Za błędy, pomyłki, niedopatrzenia i przeoczenia, czyli za wiadomo co, już dostałaś delikatne lanko, więc nie tylko nie będę dokładał Tobie stresów, ale wykażę się dobrą wolą i staroświecką dżentelmenerią (czasem mi się to zdarza). Bardzo sympatyczna opowiastka. Racz raczyć nas większą ilością takich lekkich, a jednak coś o ludziach mówiących, tekstów.

Mam coś w zanadrzu...ale czeka na sfermentowanie i dokładne zaparzenie. Czy będzie z tego jako takie znośne wypociny? Okaże się po paru dniach.

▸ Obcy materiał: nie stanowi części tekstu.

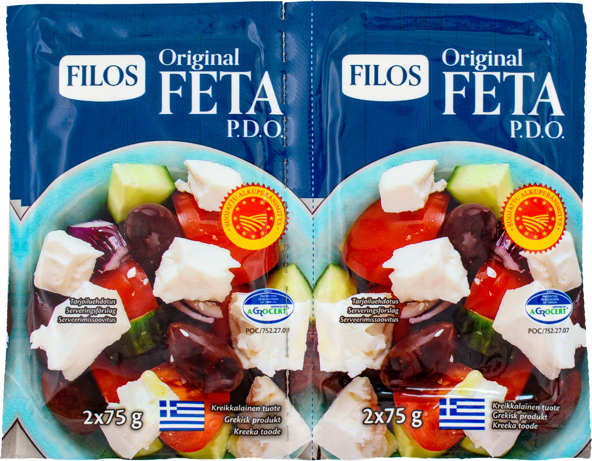 Filos original feta cheese 2 x 75 g in a convenient tear-off package.

Dziękuję za komentarz. Chylę czoła, że jesteś (jest Pan) dżentelmenem. Więcej takich - choć pare razy już na forum takich spotkałam. Jest jeszcze nadzieja.

Pozdrawiam.

Nawet sympatyczna opowiastka, ale dla mnie trochę jakby za mało fabuły. Poza tym, gdyby wyrzucić element fantastyki nie miałoby to żadnego wpływu na opowiadanie. 

 

Sam początek, te kilka pierwszych zdań, nieco za mocno powyrywane z kontekstu. Rozumiem, że oszczędność była celowa, wyszło bardzo fajnie, ale należałoby dopracować. Połączyć kota z bezdomnym, bo najpierw to osobne elementy, a za chwilę okazuje się, że bezdomny głaszcze kociaka. 

 

Nie rozumiem też maniery zamieniania rąk na łapy. Dziwnie to brzmi, zwłaszcza kiedy bezdomny głaszcze łapą kota. 

 

Pochwalę Twój sposób kreowania postaci, krótki tekst, a postacie bardzo, bardzo wyraźne. Nie marnujesz ani jednej okazji, by zademonstrować charakter bohaterek. Super.